* **EXERCISE DIRECTIONS**:
Read the listing and extract each line that includes the word "serie".

* **DATASET CONTENT**:
···

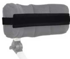
Cincha fijación de cabeza
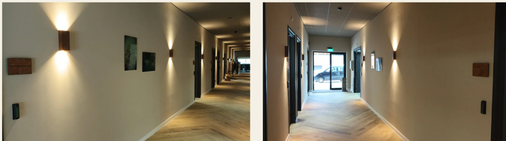
De Stardust-serie geplaatst in de gang bij de verzorgingskamers van Hoeve De Zwingel.

Vanaf 21 maart 2026 zijn twee werken uit de Stardust-serie opgenomen in de permanente collectie van Hoeve De Zwingel in Nederweert. In een ruimte gewijd aan afscheid en herinnering vormen deze werken een brug tussen verlies en het eeuwige licht dat we allemaal in ons dragen.

···

* **SOLUTION TO THE PROBLEM**:
De Stardust-serie geplaatst in de gang bij de verzorgingskamers van Hoeve De Zwingel.
Vanaf 21 maart 2026 zijn twee werken uit de Stardust-serie opgenomen in de permanente collectie van Hoeve De Zwingel in Nederweert. In een ruimte gewijd aan afscheid en herinnering vormen deze werken een brug tussen verlies en het eeuwige licht dat we allemaal in ons dragen.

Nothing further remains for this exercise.